Custard Baked Oats

Custard Baked Oats

Description: A high-protein, fiber-rich breakfast that tastes like a warm vanilla custard cake. Unlike traditional mushy oatmeal, this version is firm enough to slice but soft enough to melt in your mouth.

Ingredients

Yields: 4–6 servings | Prep time: 5 mins | Bake time: 35–40 mins

  • 2 cups Old-fashioned rolled oats

  • 3 cups Milk (dairy, almond, or oat milk)

  • 3 Large eggs (The key to the “custard” texture)

  • 1/2 cup Plain Greek yogurt (adds tang and creaminess)

  • 1/3 cup Maple syrup or honey

  • 1 tbsp Vanilla extract

  • 1 tsp Baking powder

  • 1/2 tsp Sea salt

  • Optional: 1 tsp Cinnamon, 1/4 cup chopped nuts (walnuts/pecans), or 1 cup berries.

Step-by-Step Instructions

  1. Prep: Preheat your oven to 180°C (350°F). Lightly grease a 9×9 inch or 8×8 inch glass baking dish with butter or coconut oil.

  2. Mix (The “Custard” Method):

    • For a Cake Texture: Place all ingredients in a blender and pulse for 30 seconds until the oats are partially broken down.

    • For a Hearty Texture: Whisk the eggs, milk, yogurt, vanilla, and syrup in a bowl. Fold in the dry oats, salt, and baking powder.

  3. Assemble: Pour the mixture into the prepared baking dish. If using nuts or fruit, sprinkle them evenly over the top.

  4. Bake: Bake for 35–40 minutes. The oats are done when the center is firm to the touch and the edges are lightly golden brown.

  5. Set: Let it cool for at least 10 minutes before slicing. This allows the custard to fully set so you get those perfect squares shown in the photo.
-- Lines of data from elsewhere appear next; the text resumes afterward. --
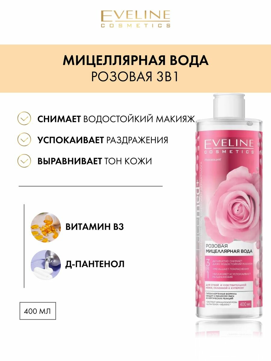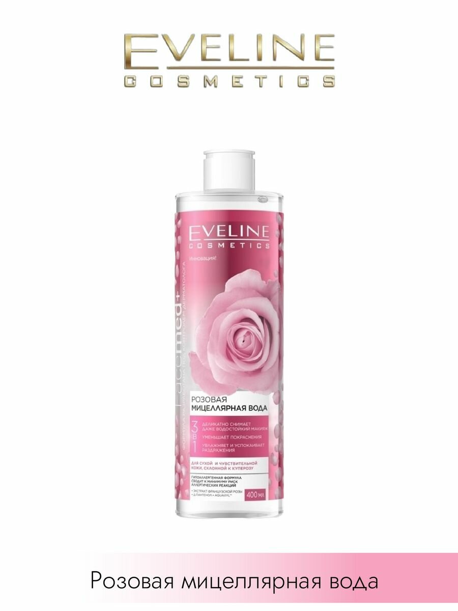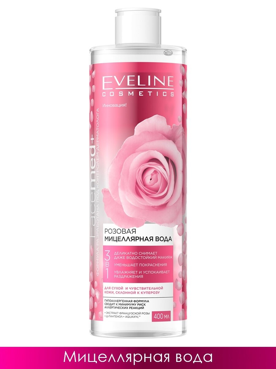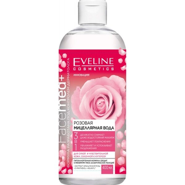 Мицеллярная вода 3в1 EVELINE FACEMED+ розовая для снятия макияжа, 400 мл
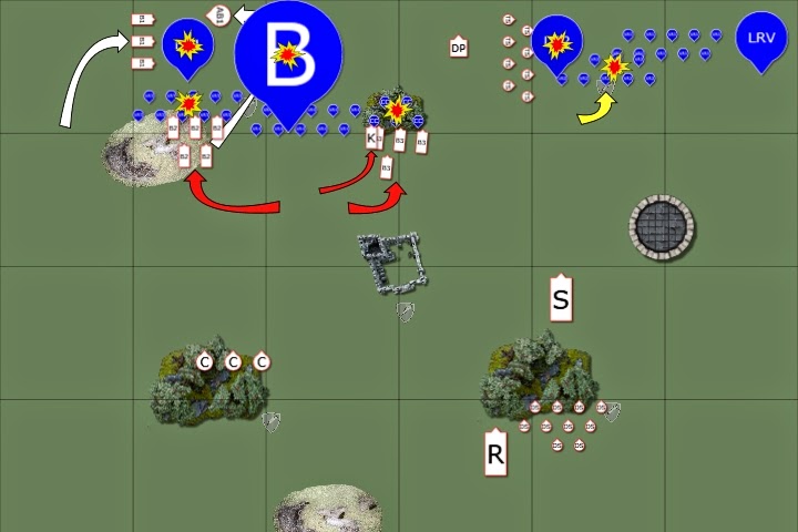 my scout moves, on the left flank, I moved the bikers forward towards the tanks
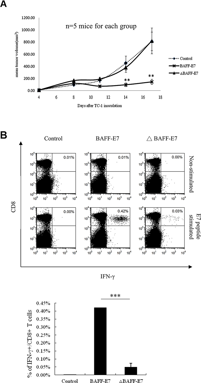Figure 5: Antitumor effect of the BAFF-E7 and ΔBAFF-E7 DNA vaccines in vivo. (A) C57BL/6 mice (five per group) were first subcutaneously injected with TC-1 tumor cells (105/mouse). Four days after tumor inoculation, mice were vaccinated with 2 μg of DNA vaccine per mouse, three times at 5-day intervals. Tumor volume was measured starting from day 4 after tumor inoculation. The line graph illustrates that the ΔBAFF-E7 DNA vaccine cannot significantly inhibits the growth of TC-1 cells (Day 14, p<0.005, BAFF-E7 versus ΔBAFF-E7; day 17, p<0.005, BAFF-E7 versus ΔBAFF-E7). (B) Splenocytes from five mice in each group were pooled and restimulated ex vivo with the E7 peptide and then characterized for E7-specific CD8+ T cells through analysis of intracellular IFN-γ staining cells. Splenocytes from the control, BAFF, E7, and BAFF–E7 groups without peptide stimulation served as the background control. Representative graph shows that ΔBAFF-E7 DNA vaccine did not induce high percentage of E7-specific CD8+ T cells as BAFF-E7 did. (p=0.0004, BAFF-E7 versus ΔBAFF-E7). The result indicates that the property of ER-accumulation by fusing E7 to the full length of BAFF protein is critical for E7-specific CD8+ CTL activation and antitumor effects. Error bar in each chart represent standard error. **p < 0.005; ***p< 0.0005.
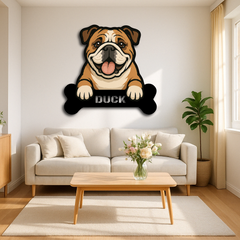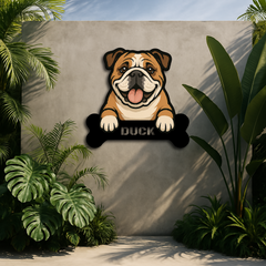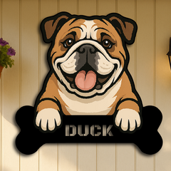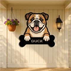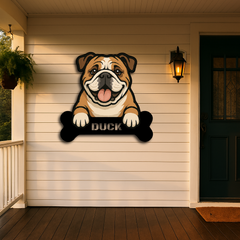 Add personality and charm to your home with this Custom Bulldog Metal Sign, featuring an adorable smiling bulldog and a bone-shaped plaque personalized with your pup's name. This bold and playful design is perfect for dog lovers looking to celebrate their loyal companion in style.
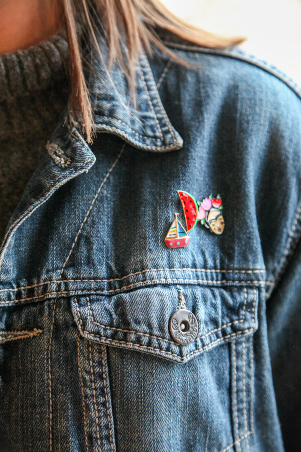 Pins décoratif à motif aléatoire, idéal pour personnaliser vos vêtements, sacs ou accessoires.
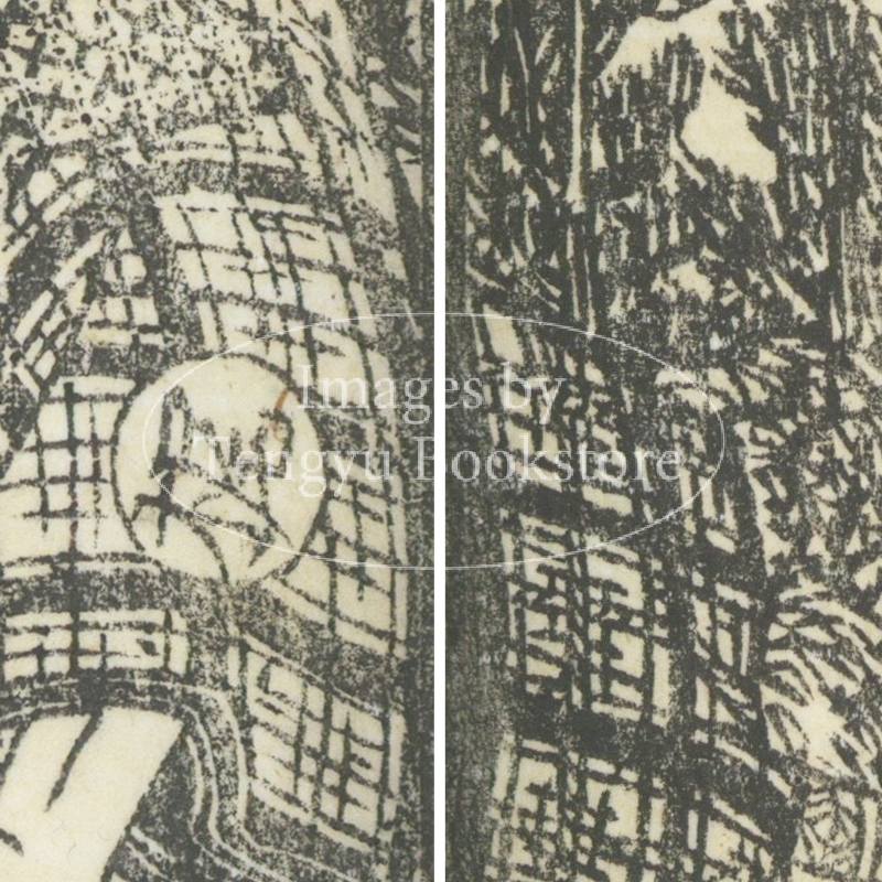 本来は2枚に分けて描かれた作品であるため、色味や図案の整合に若干の不統一があることをご了承ください。
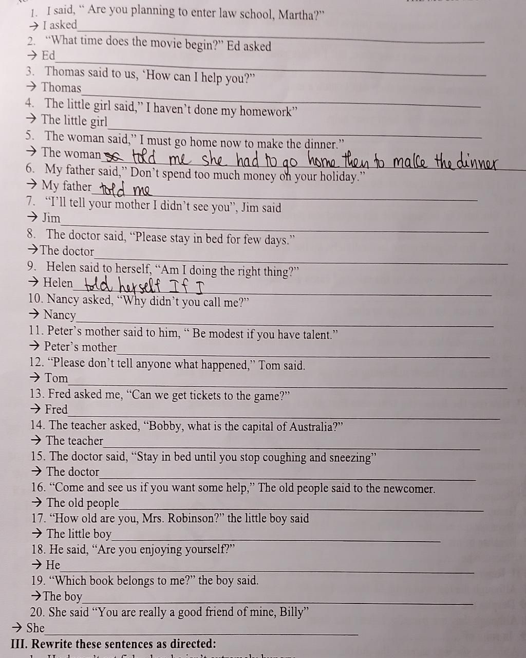 Câu tường thuật - dạng câu yêu cầu, mệnh lệnh
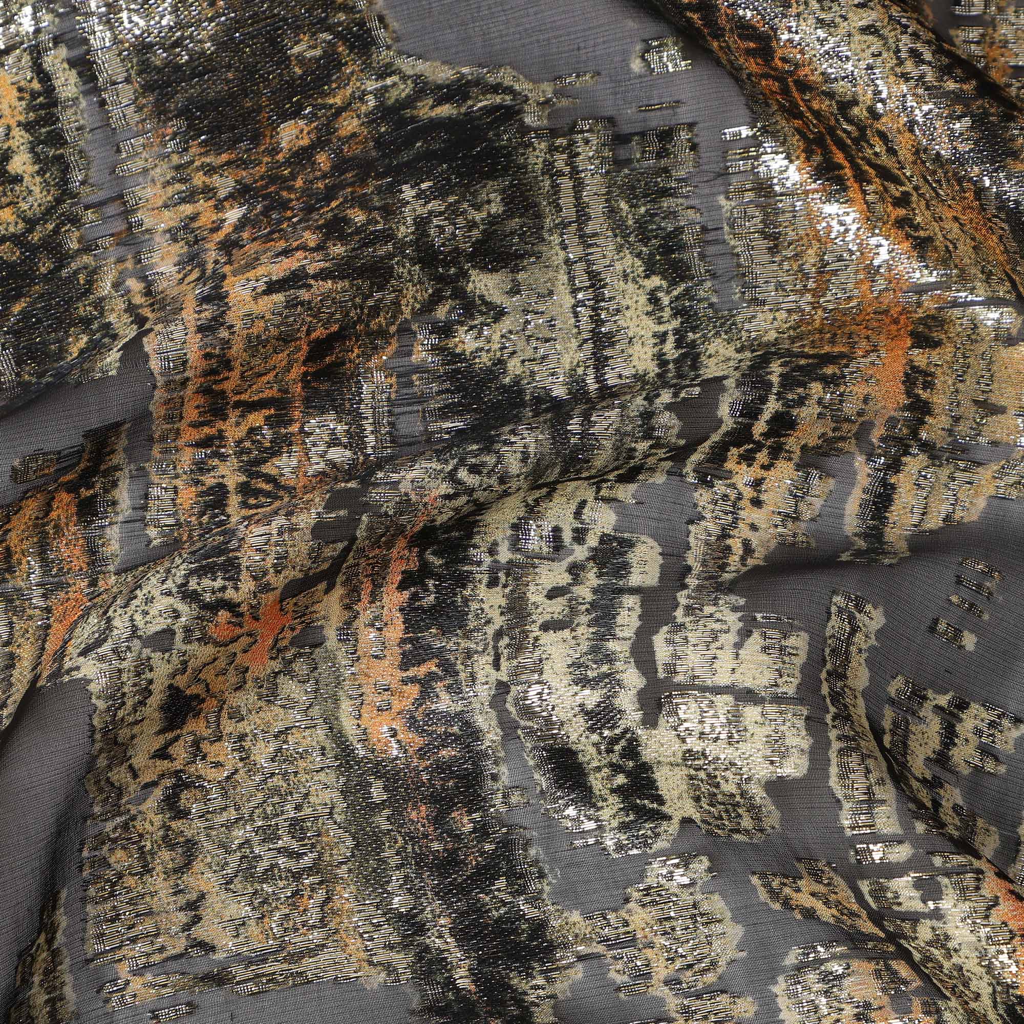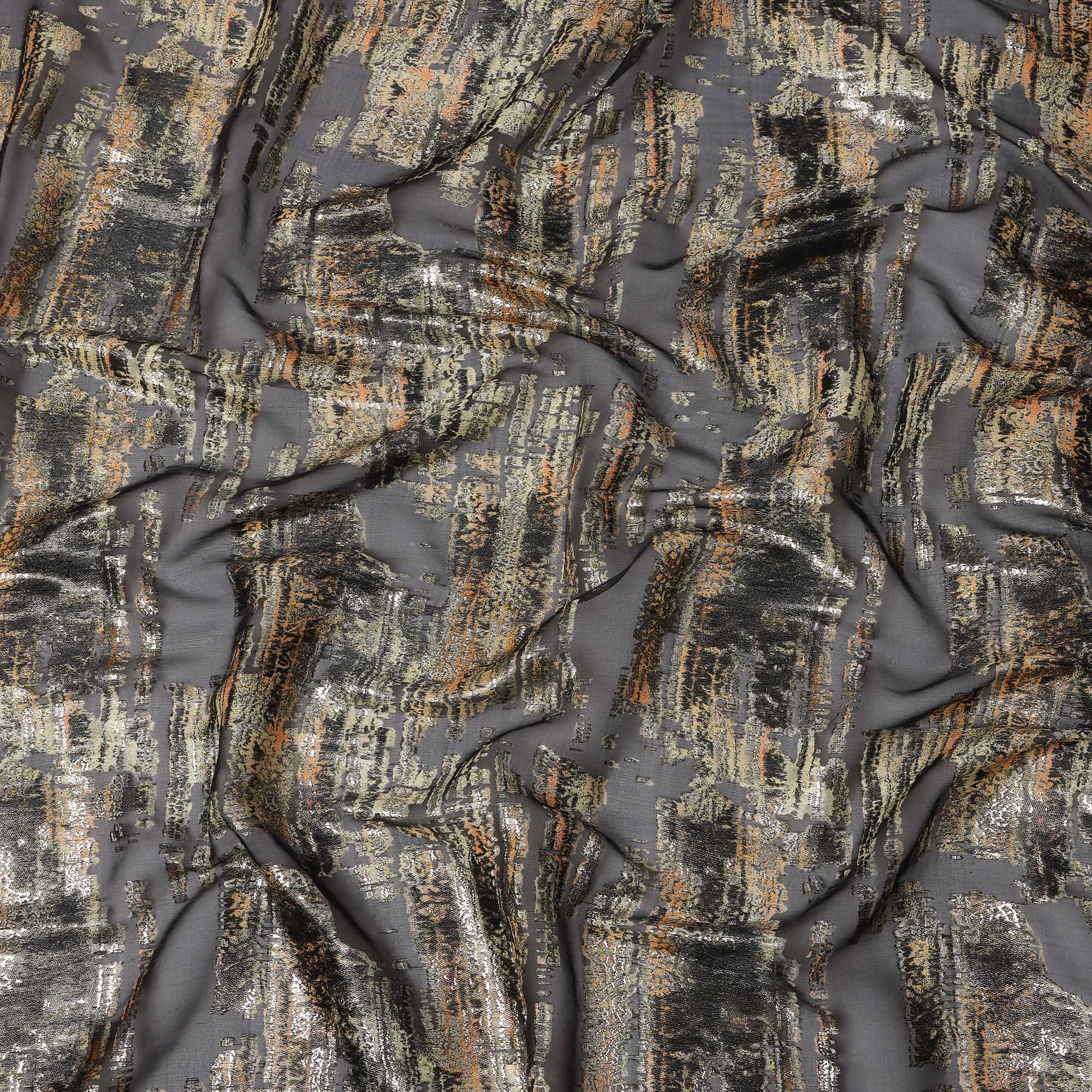 Black Abstract Metallic Lurex Pure Silk Chiffon Fabric, 110 Cms Width, South Kore-D25236
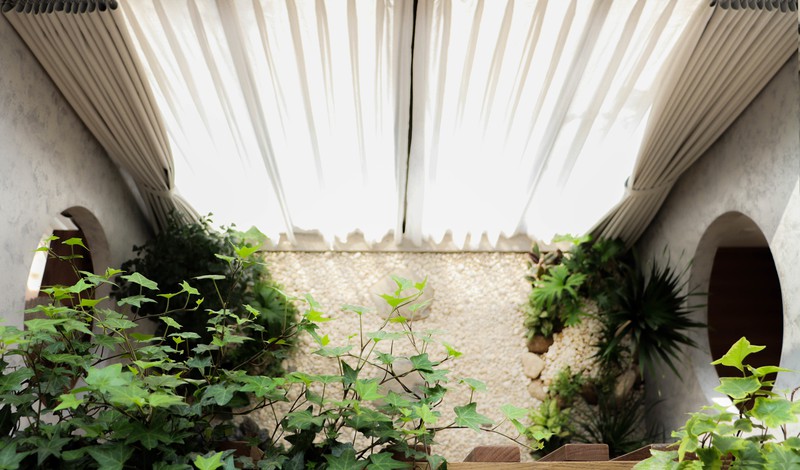 Không gian thông tầng nhìn từ trên cao xuống, ngoài thảm thực vật bao phủ, ở đây được làm thêm tấm kính lớn lấy ánh sáng cho cây quang hợp, cũng như mở rộng không gian về mặt thị giác.
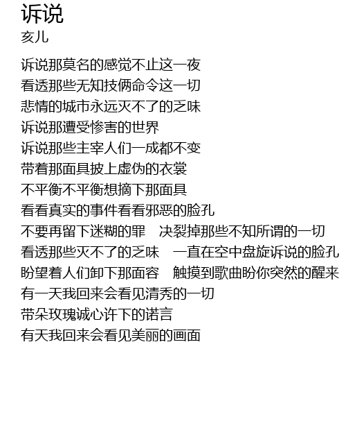 | 盼望着人们卸下那面容 触摸到歌曲盼你突然的醒来 | |
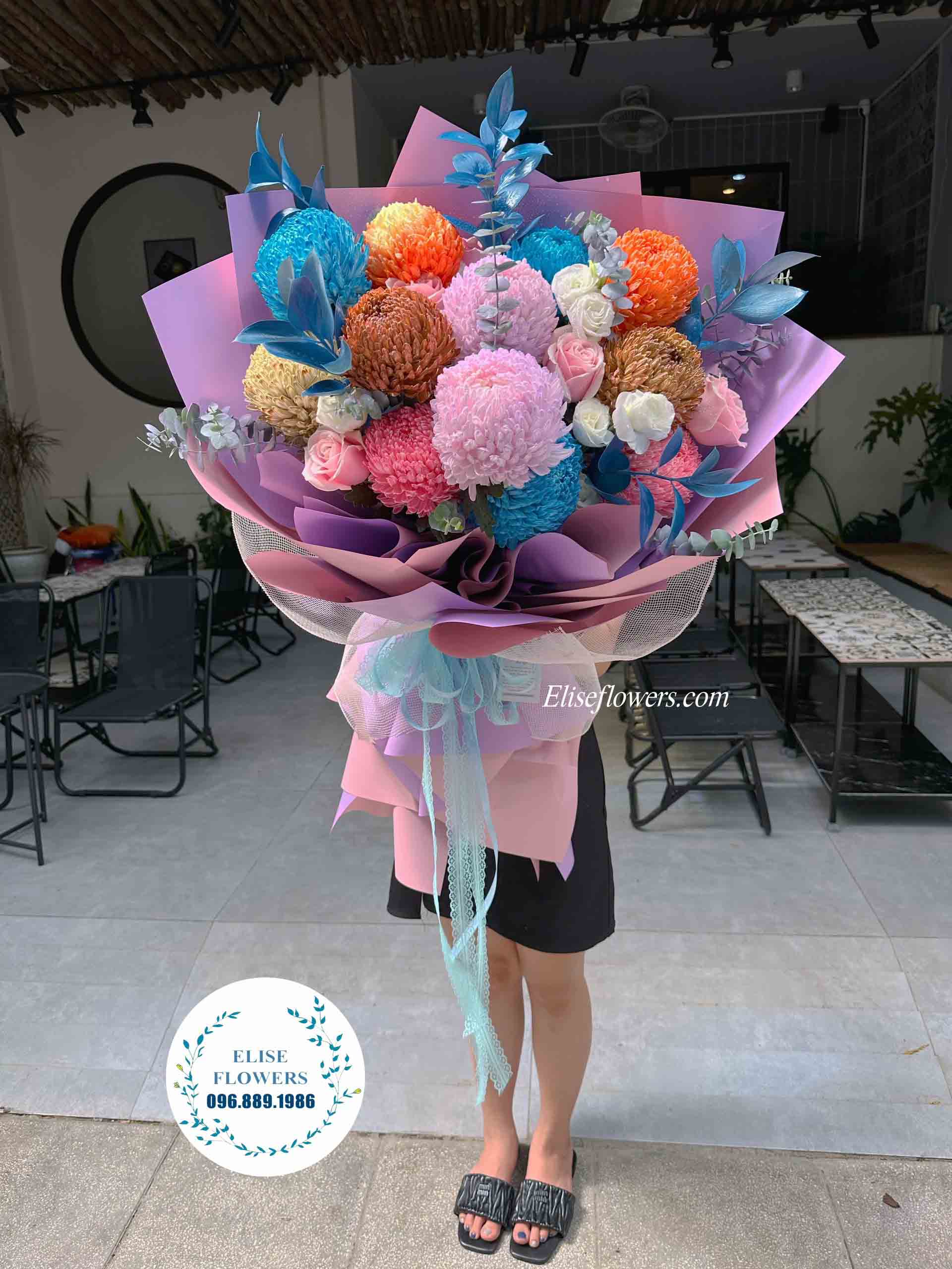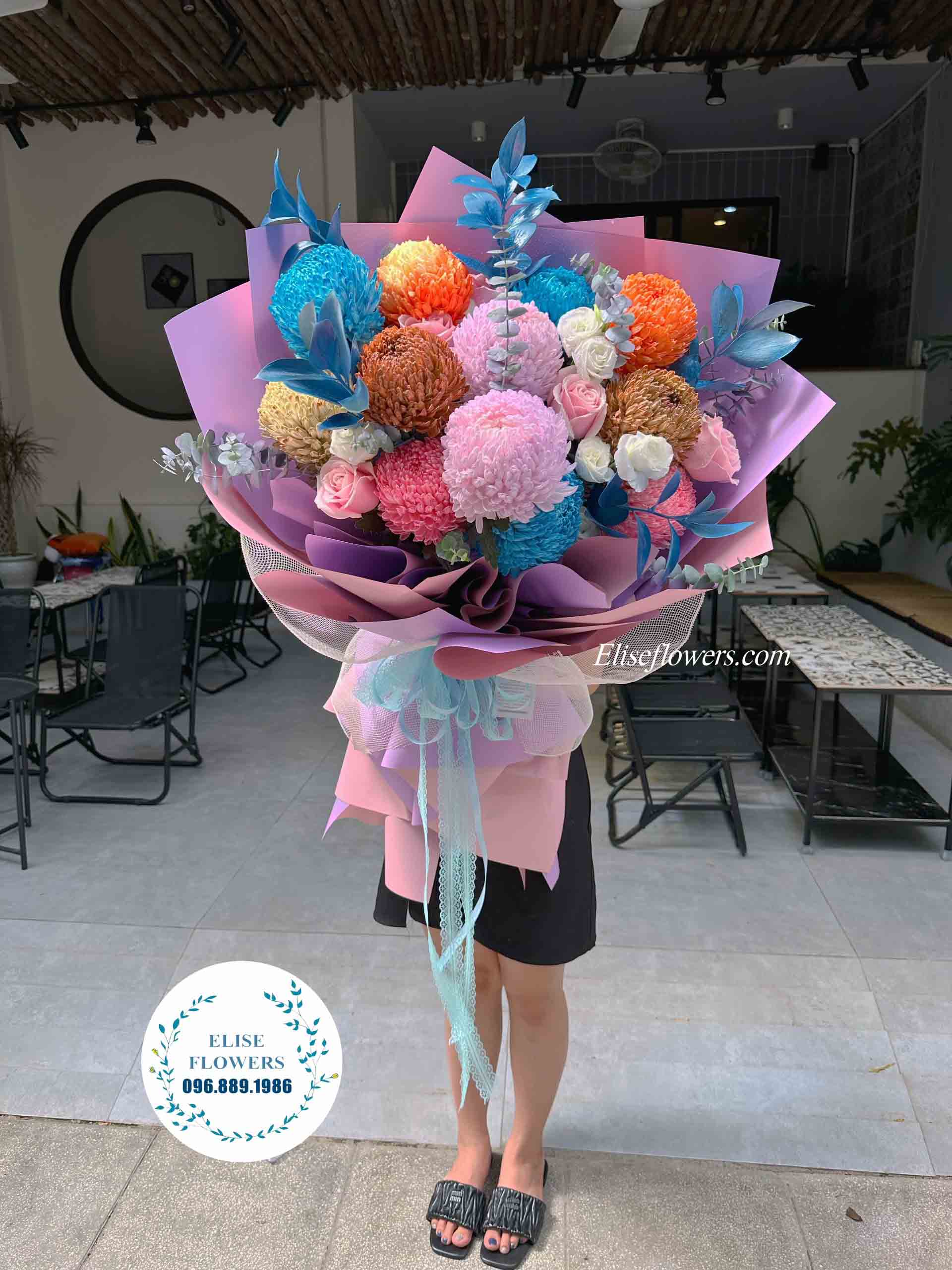 Hãy tưởng tượng xem các nàng sẽ vỡ oà cảm xúc như thế nào khi bất ngờ được ôm Bó hoa cúc mẫu đơn nhiều màu khổng lồ.

Nutritional Info (Per Serving)

Calories Protein Carbs Fat Fiber
280 kcal 12g 38g 8g 5g

Tips & Notes

  • Don’t Skip the Salt: A pinch of salt balances the sweetness and makes the vanilla flavor pop.

  • Resting Period: If you have time, let the unbaked mixture sit in the pan for 10 minutes before putting it in the oven. This helps the oats hydrate for a more uniform “custard” feel.

  • The “Jiggle” Test: When you pull it out of the oven, the center should have a very slight “jiggle” but not be liquid. It will firm up as it cools.

Benefits

  • Satiety: High protein from the eggs and Greek yogurt keeps you full until lunch.

  • Meal Prep Friendly: These squares stay fresh in the fridge for up to 5 days and reheat perfectly in the microwave.

  • Digestibility: Blending or soaking the oats makes them easier on the stomach than raw or quick oats.

Recipe Q&A

Q: Can I make this vegan? A: You can use flax eggs (3 tbsp ground flax + 9 tbsp water), but the texture will be more “dense” and less “custardy” than the egg version.

Q: Can I use Steel Cut oats? A: No. Steel-cut oats require much more liquid and a longer cook time; they will remain crunchy/hard in this specific recipe.

Q: Why did my oats turn out soggy? A: This usually happens if the oven wasn’t fully preheated or if the dish was pulled out too early. Ensure the center is set before removing.